8 fév 2027 - 19 fév 2027

EHU Module "Sociology of Public Law and of Private Law" (3 ECTS)

This module provides an introduction to the regulation of sporting and cultural spaces. It focuses on the ways that access to these spaces and the behaviours that can be performed within and around them is regulated by both public and private legal structures.
Examinations of the interactions between both the law and popular culture more generally, and sport and the law more specifically, have become well-developed fields of socio-legal study. Drawing on this body of work, the themes developed throughout this module, whilst delivered through a series of sporting and cultural case studies, will have wider ramifications to, and for, the law and socio-legal studies.
This module draws upon specific themes related to the tutors’ areas of research. It illustrates the symbiotic nature of teaching and research, and the importance of researchers within the academy passing on their research and insight. We will begin by introducing the contested meanings of law and popular culture and sports law to illustrate how new fields of study emerge to meet regulatory challenges.

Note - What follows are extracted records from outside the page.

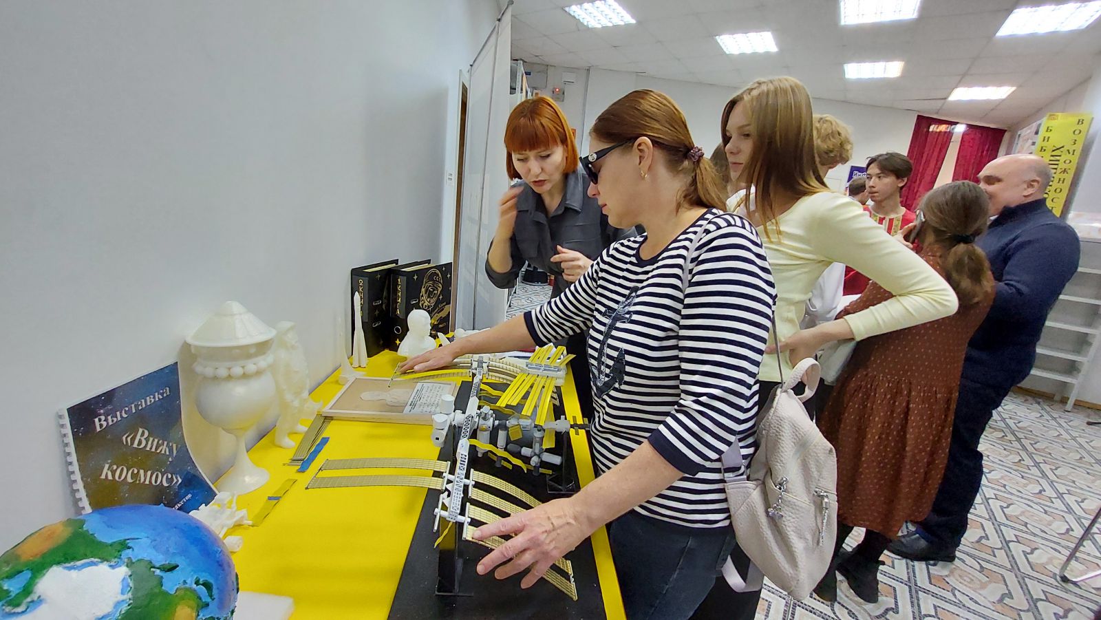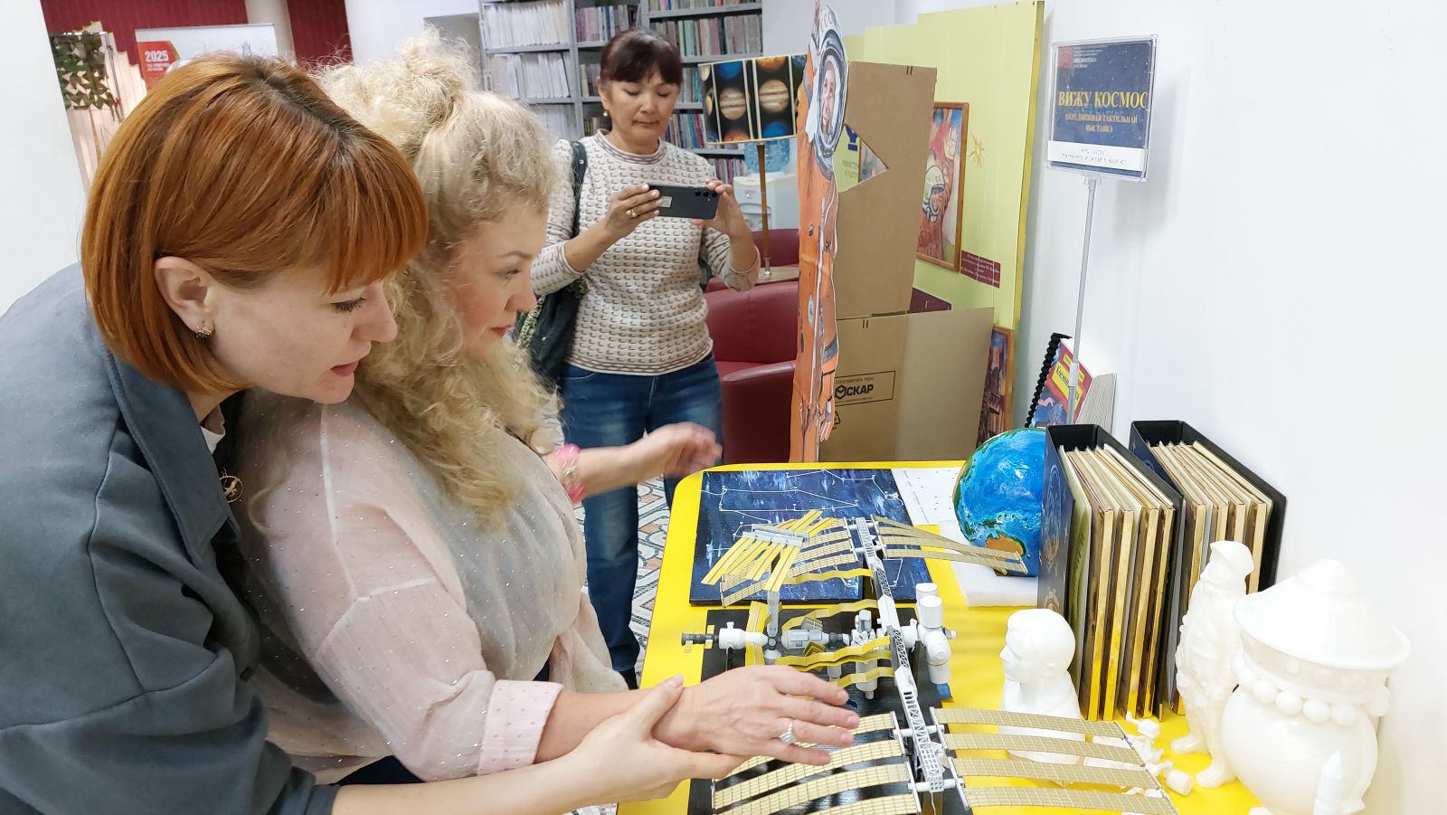 «Вижу космос» – тактильная выставка, где каждый может открыть для себя космос, независимо от физических возможностей. На выставке представлены 3D-модели космических объектов, литература о космосе в специальных форматах, тактильные модели ракет, скафандров и бюсты космонавтов.
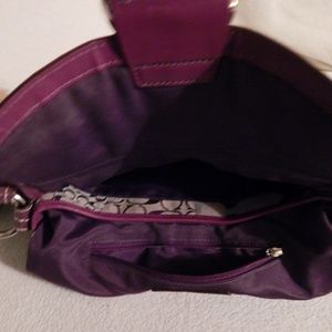 COACH great preowned condition. Has some slight staining at the bottom corners that is not very noticeable and small stains on inside material at the bottom of bag .The leather trim is in great condition as well as the strap. Contact us with any questions.
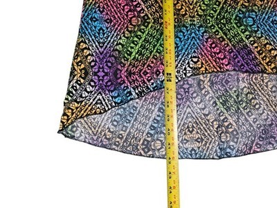 The Squeeze Multicolored Festive Elastic Waist Lace Sleeveless Maxi Dress in size L is a vibrant and stylish option for various occasions. With a geometric pattern and ruffle accents, this dress features a scoop neckline and a pullover closure for easy wear. Made from a blend of spandex and viscose with a rayon fabric type, this long dress is perfect for summer, fall, and spring seasons. The colorful design and boho theme make it a standout choice for travel, parties, or casual outings. Machine washable for easy care, this dress from Squeeze is sure to make a statement.
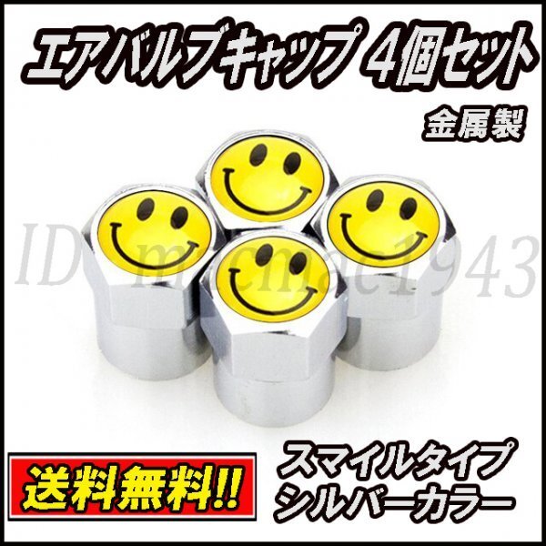 - ■送料無料 即決 スマイル エアバルブ 4個セット 金属 ニコちゃん キャップ ホイール タイヤ 汎用 軽量 エアーバルブ アルミ カスタム 3
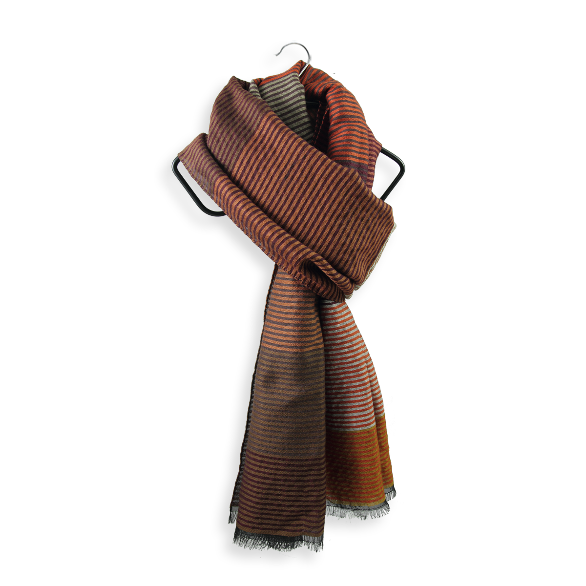 Pour cette écharpe, nous avons voulu créer un design intemporel mais avec une touche d'exception qui se démarquerait vraiment. Ce concept, réalisé en rayures basiques, permet à l'écharpe d'être assortie à presque toutes les tenues, elle est totalement polyvalente. L'assortiment de 12 fils différents de laine et de coton tissés ensemble lui confère un aspect très unique dans des tons de brun, d'ocre, de beige et de cuir. La combinaison de ces matières avec la soie confère à l'écharpe un aspect très vivant. La Kaleida est en fait le motif le plus compliqué à tisser sur nos métiers à tisser.
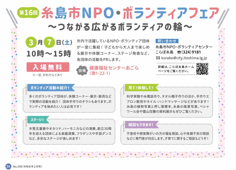 糸島市NPO・ボランティアフェアについてはこちら(広報いとしま2月号より)⇩
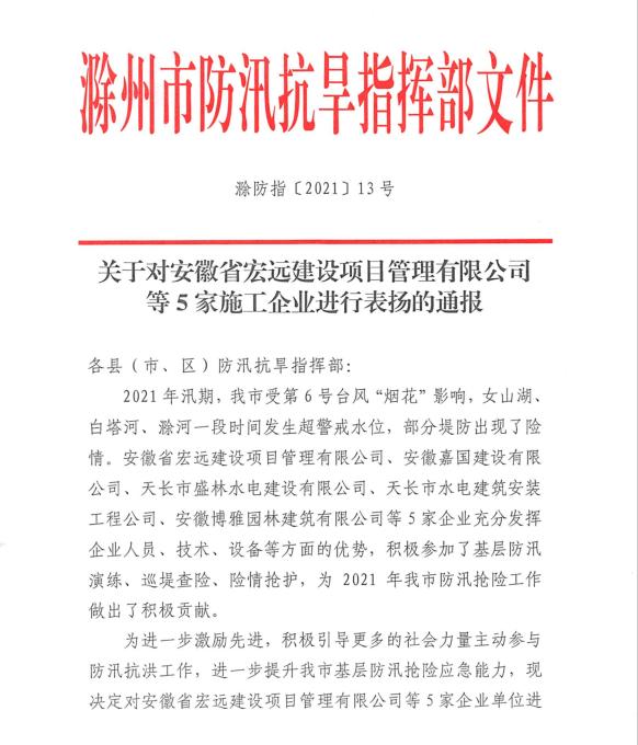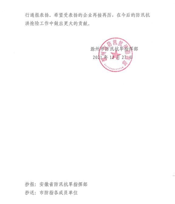 参加滁州市防汛抗旱工作,受到滁州市防汛抗旱指挥部表彰
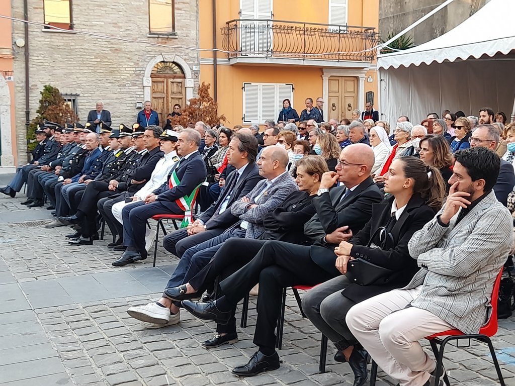 “Da qui nasce una domanda che oggi mi faccio e che pongo anche a voi qui presenti – ha proseguito il vescovo Carlo – quale anima ha la nostra città? E ancora: Che anima vogliamo darle? Siamo qui, autorità religiose, civili e militari, a celebrare il patrono della nostra città. Significa che tutti lo riconosciamo come fonte da cui trarre ispirazione non solo per la nostra vita personale , ma anche per la vita della nostra città. Significa che riteniamo fondanti i valori che hanno ispirato la vita di questo santo, che li riteniamo valori capaci di garantire la coesione sociale di cui ogni convivenza ha bisogno per la sua sussistenza. In questi tempi di secolarizzazione queste mie affermazioni potrebbero stupire non pochi nostri concittadini i quali non si identificano più nella fede cristiana che ha ispirato san Benedetto martire. Viviamo in una cultura caratterizzata da una forte indifferenza religiosa e da una molteplicità di riferimenti e credenze religiose. Certamente non viviamo più in una cultura che prende il cristianesimo come unico punto di riferimento. E questo vale sempre più anche per la la nostra città: le radici cristiane, pur non essendosi del essiccate, poiché molti nostri concittadini non hanno preso congedo dalla fede cristiana e dalla Chiesa, certamente sono da molti abbandonate e sostituite dai nuovi idoli che l’individualismo, il benessere e il consumismo pretendono di introdurre ritenendoli, a mio modo di vedere erroneamente, fondamento più sicuro per una vita felice. Non è qui il momento per una disamina adeguata di questi nuovi idoli, ma una domanda si impone: sono essi in grado di dare un’anima alla nostra città, capace di renderla coesa e solidale, come esige ogni convivenza umana? Oppure portano inevitabilmente a quella deleteria frammentazione individualistica che caratterizza le nostre società consumistiche, frammentazione che sta provocando chiare e indubbie difficoltà alla coesione sociale? La venerazione di San Benedetto, lungi dal portarci a qualche vaga intenzione di voler imporre una fede particolare cui ogni cittadino dovrebbe aderire (una fede senza libertà, in qualche modo imposta, non ha nulla a che vedere con il cristianesimo), trova fondamento sui valori umani, oltre che cristiani, che egli ha vissuto. Sono valori che hanno sapore di eternità, cioè che vanno al di là di un preciso tempo storico. Sono quei valori che San Benedetto martire, e noi con lui, ha riconosciuto come caratterizzanti il Dio di Gesù Cristo, valori che Gesù ha vissuto nella sua vita mostrando così dal vivo chi è Dio, a noi sempre tentati di distorcere il vero volto di Dio, per interessi non sempre chiari e non sempre facilmente confessabili. La Rivelazione biblica chiama Dio: verità, amore, giustizia, pace, fedeltà, misericordia, dono di sé… San Paolo nella lettera ai Filippesi così raccomanda ai cristiani di Filippi: ‘tutto quello che è vero, nobile, giusto, puro, amabile, onorato, quello che è virtù e merita lode, tutto questo sia oggetto dei vostri pensieri. E il Dio della pace sarà con voi’ (Fil 4, 8-9b). Sono questi i valori per i quali il nostro San Benedetto ha dato la vita, lasciandosi guidare dal suo amore per Dio e dalla parola di Gesù.”
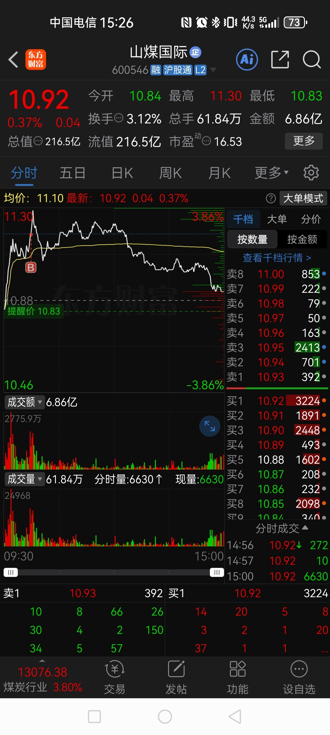 $山煤国际(SH600546)$ 倒霉,买的假煤这么好的热点不会炒作,板块大涨,换数翻红NM大跌,了
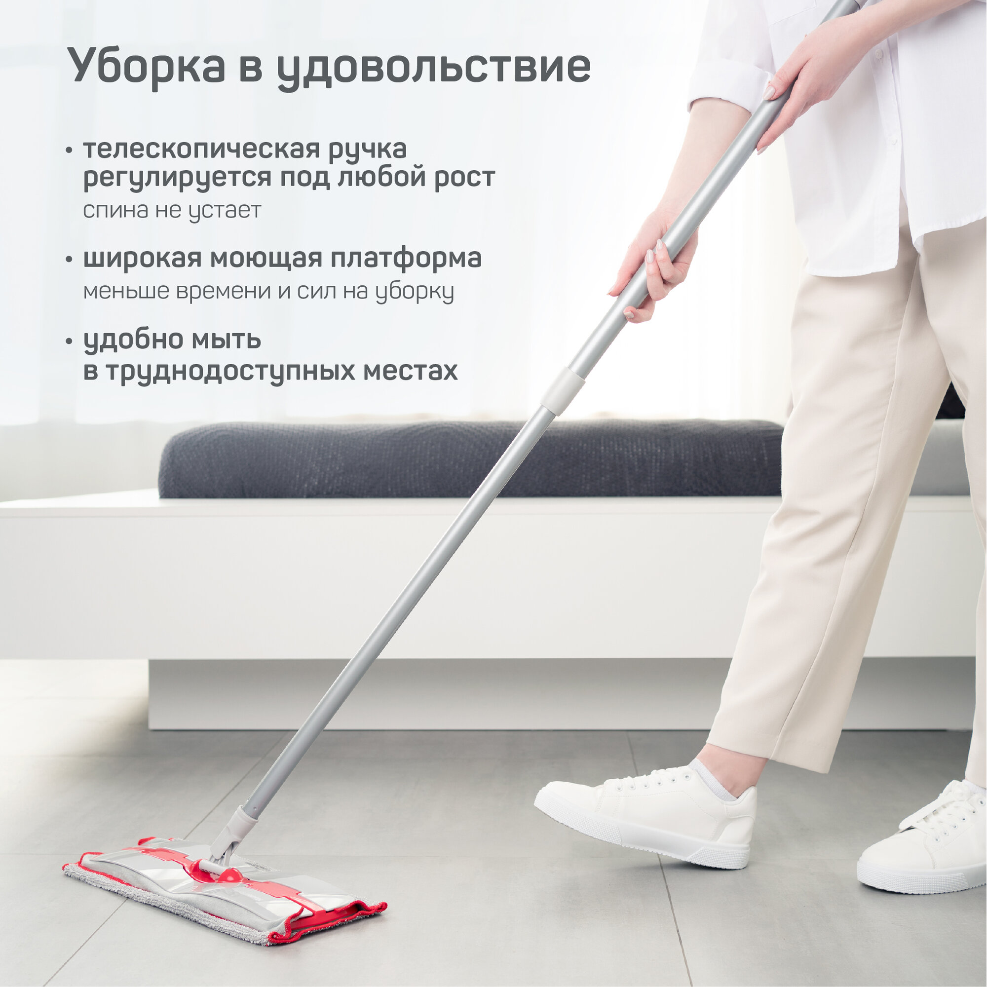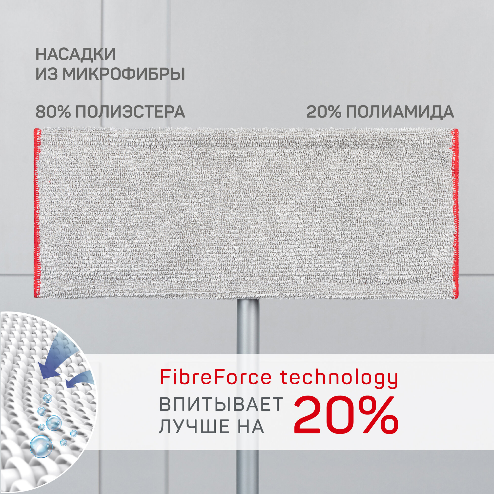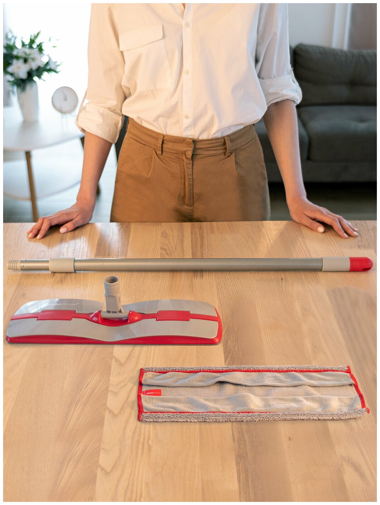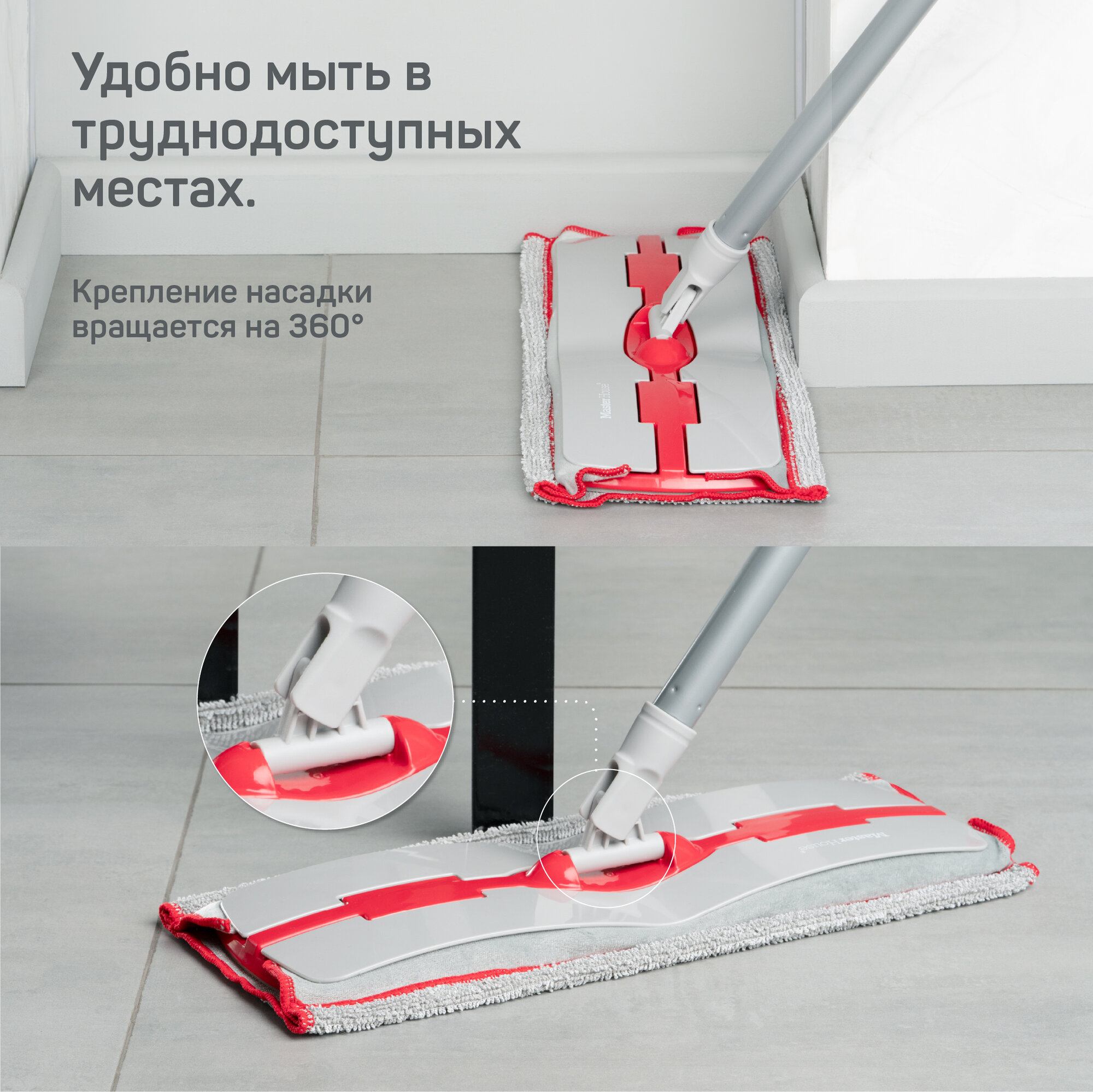Швабра с удобным способом крепления насадки - зажим. Телескопическая ручка 78-128 см. Насадка из микрофибры по стандарту FibreForce technology впитывает воду на 20% эффективнее, легко оттирает загрязнения, не оставляет разводов на полу, отлично притягивает волосы и пыль. Можно стирать в стиральной машине! Размер насадки 40*20см. Вращающееся крепление насадки. Удобно мыть в труднодоступных местах. У Master House есть все, что может сделать уборку дома легкой и необременительной работой.
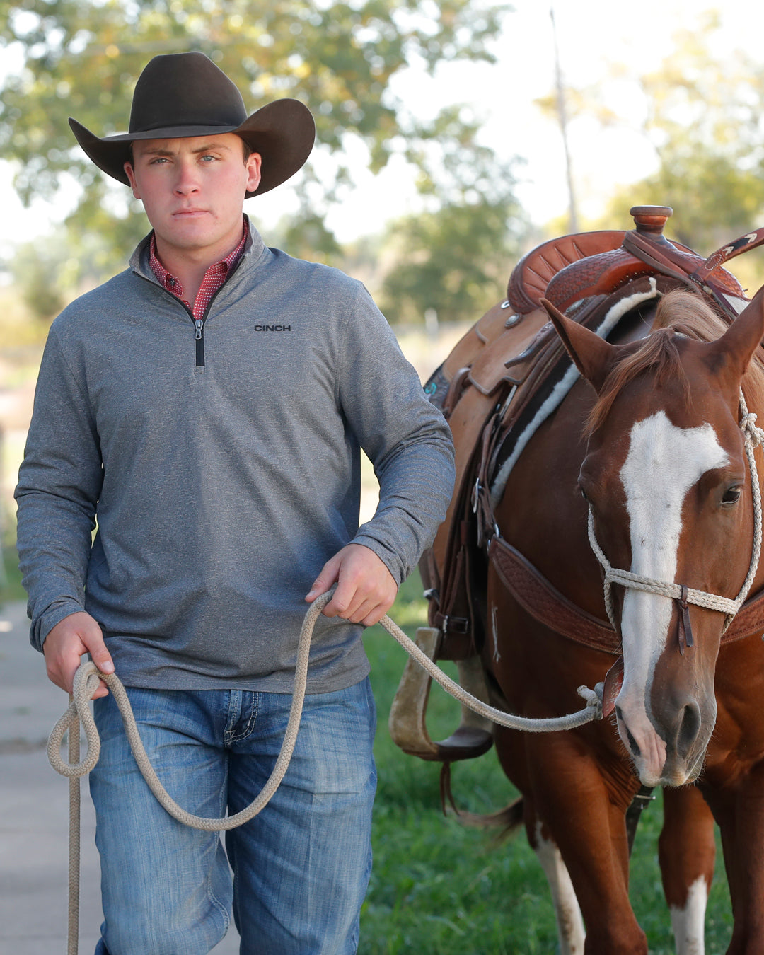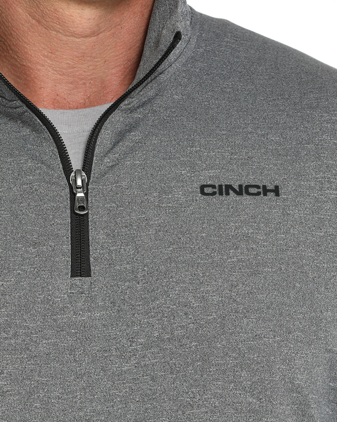 Perfect for layering or wearing on its own. this handsome charcoal ¼-zip pullover by CINCH features stretch friendly poly-spandex construction. a standup collar. and logo heat transfer. Pair with denim and boots for working in the chill.
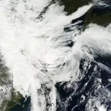 Karen quickly weakened as it moved over cooler waters,[3] and late on October 14 it degenerated back into a tropical storm as it accelerated northward.[4] Convection gradually decreased,[5] and Karen made landfall on southwestern Nova Scotia with winds of 45 mph (70 km/h) on October 15.[1] Karen retained its tropical characteristics during and after making landfall, based on a research flight out of Halifax intended to study the early stages of extratropical transition. The flight reported arced bands and a warm-core system transitioning into a more typical mid-latitude system.[6] Under the influence of a mid-latitude system, the storm turned sharply to the northeast, and after losing the remaining of its convection it became extratropical shortly after landfall. Continuing northward, the remnant low quickly weakened, and dissipated as it was absorbed by a larger extratropical storm over the Gulf of Saint Lawrence.[1]
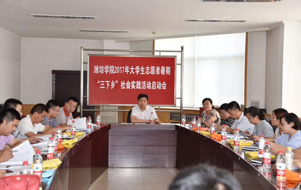 本网讯 7月12日,学校召开大学生志愿者暑期“三下乡”社会实践活动启动会。副校长王清明主持会议并讲话。团委负责同志对具体工作做了安排部署,团委全体人员和各学院书院团总支书记、副书记参加了会议。

We will then focus on specific issues that have had an impact on the regulation of cultural and sporting events and venues:
Access to sporting and cultural spaces is regulated by event tickets, which can act as levers of social inclusion, social exclusion and control. But what in law is a ticket and what can you do with it?
Once in a sporting or cultural venue, the behaviour of fans and spectators is regulated by both the ticket’s terms and conditions and, in some cases, the law. Why do event organisers and hosts control fans and is state control necessary and lawful?
Spaces that were once public and open to all are increasingly being privatised, with access to them and what can be done in them being regulated. How and why have parks and public spaces become policed by private companies and what is the impact on lifestyle sports like Parkour?
The summer edition of the Olympic Games is the largest sporting and cultural event in the world. The event owner, the International Olympic Committee (IOC), places specific demands on hosts that they regulate Olympic areas to protect their income and commercial revenue streams. We will interrogate how the IOC has developed an indirect legislative power, and through a variety of theoretical lenses, whether this alternative power structure constitutes ‘law’.